_Exercise objective_:
Pictures must be left out. Print the lines from the beginning of the material through the line holding "Кожаный тренчкот Wardrobe.NYC, черный", exactly and nothing else.

_Supplied material_:
:::::

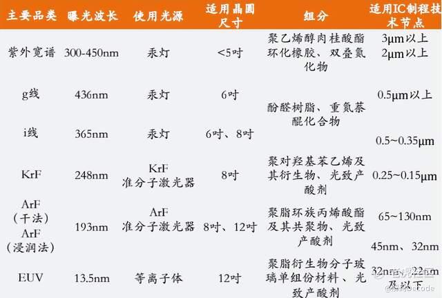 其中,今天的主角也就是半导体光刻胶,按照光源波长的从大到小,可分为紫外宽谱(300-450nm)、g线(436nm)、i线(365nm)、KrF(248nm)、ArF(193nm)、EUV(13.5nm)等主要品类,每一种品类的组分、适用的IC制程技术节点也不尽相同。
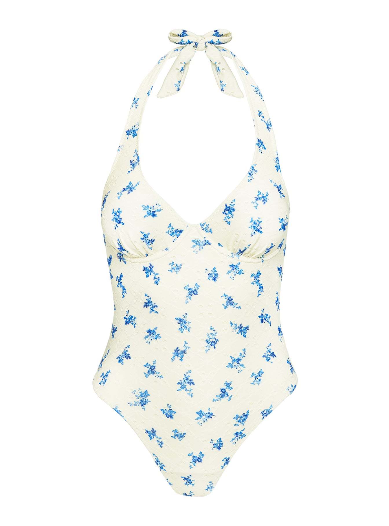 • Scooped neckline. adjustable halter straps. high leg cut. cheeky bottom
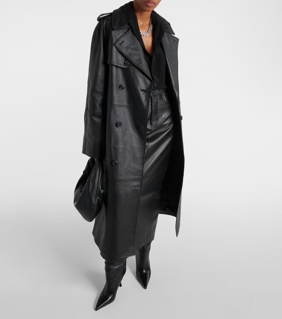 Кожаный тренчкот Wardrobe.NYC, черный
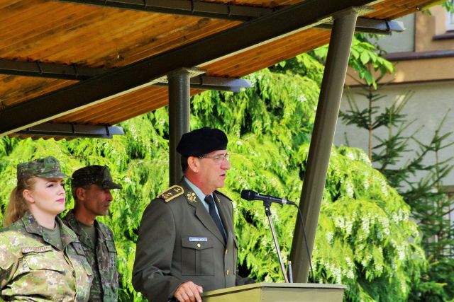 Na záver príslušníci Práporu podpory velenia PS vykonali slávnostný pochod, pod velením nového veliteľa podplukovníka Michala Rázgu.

:::::

_Task solution_:
 其中,今天的主角也就是半导体光刻胶,按照光源波长的从大到小,可分为紫外宽谱(300-450nm)、g线(436nm)、i线(365nm)、KrF(248nm)、ArF(193nm)、EUV(13.5nm)等主要品类,每一种品类的组分、适用的IC制程技术节点也不尽相同。
 • Scooped neckline. adjustable halter straps. high leg cut. cheeky bottom
 Кожаный тренчкот Wardrobe.NYC, черный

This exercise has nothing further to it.